Hexvessel almost foresaw the revival of the popularity of the occult in popular culture (the resurgence is seen in The VVitch, Hereditary, and many other films). Along with Blood Ceremony, Hexvessel was instrumental in bringing the psychedelic folk revival into the fore, especially seen with their debut album ‘Dawnbringer’. The band has tuned the influx of different influences as they released four albums with varying levels of weights on psych rock, acid rock, neofolk, dark folk, and prog on each of their albums. Although the direction of their third album ‘When We Are Death’ did not catch my fancy as much, their return to ‘forest’ folk with ‘All Tree’ definitely did.
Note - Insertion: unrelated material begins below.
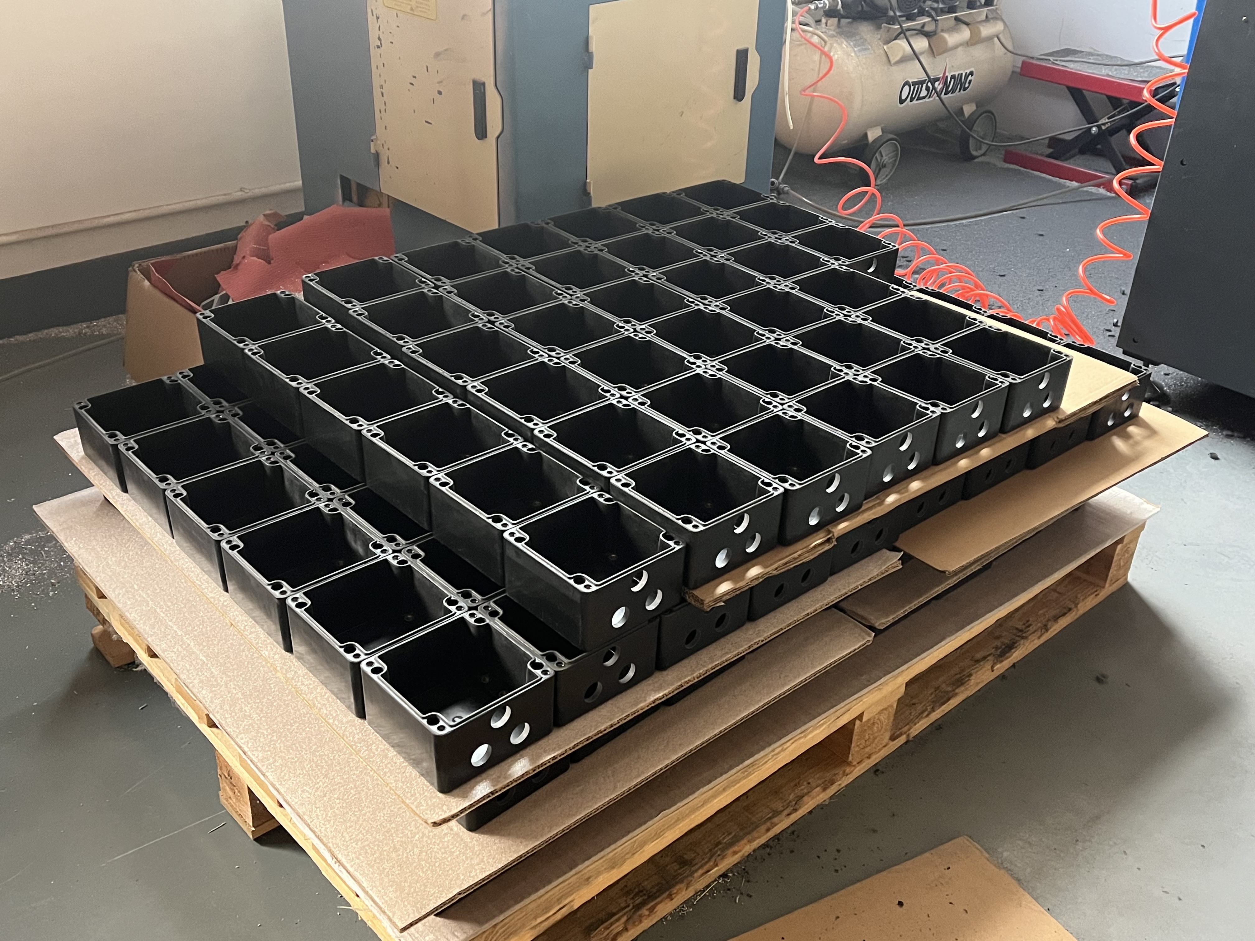 The polyester enclosure is suitable for various industrial workshops, offering reliable protection against corrosive substances and mechanical stress. It features internal threaded bushings for rail and panel fixation, with a four-screw sealing cap design for secure assembly.

‘Kindred’ is Hexvessel’s fifth release and will be coming out on April 17 on Svart Records. For starters, Kindred is a lot darker than its predecessor. It has the aroma of dark nights of the woods, bathed only in the light of the moon. It has an unnerving effect that creeps up amidst calming strings. Some progressive sections can be sonically placed between a possessed Jethro Tull and Opeth’s Heritage. The psych sections build, in a very Hexvessel style, on elements that you might associate with early Black Sabbath or Led Zeppelin.
“Billion Year Old Being” is a solid old school prog rock with occult rock influences, starting off a psych riff like something the band Occultation would make, and slowly moving into the new Opeth territory of 70’s prog worship. “Demian” has the bluesy surfy licks of the old that foreshadows a sinister prospect endangering your life. What follows is an amazing effort to capture the morose and existentialist emotion of “Fire of the Mind”, a track from one of my favorite albums ever ‘The Ape of Naples’ by the legendary experimental group Coil. The violin drives the core melody of it and the percussion here adds a more grounding effect.
“Bog Bodies” sounds like something you would hear on Badalamenti’s Twin Peaks soundtrack, fitting perfectly well with the aesthetic as well. The saxophones bewitch you into following the formless source of the sounds into the black of the forests. After an eerie string interlude, “Phaedra” plods into an ominous flux with no apparent exits, only to be incongruously punctuated by another interlude as if the flux led you to the Other. Here onwards, the folk aspects of Hexvessel slowly bubble upwards. “Kindred Moon” is probably the soberest track on the album, with soothing strings and an easy aura. “Magical & Damned” continues on the alleviating mood, the warm vocal delivery over the tender strings creates a bittersweet and enticing tone. “Joy of Sacrifice” has an underlying peril behind the free-flowing acoustics misleading the listener to a space that facetiously seems safe but is not.
With ‘Kindred’, Hexvessel casts a spell of charming perturbation of the subconscious with how the prog, psych, folk, and dream elements, performing an interplay of sorts for the 39 minutes it lasts. The juxtaposition of nostalgic elements and eccentric Hexvessel-ness causes the blurring of the real-unreal borders. This is definitely a spirited path taken by the band that seems to deliver early fruits, and I’d like to hear more of the prog elements decorating the folk.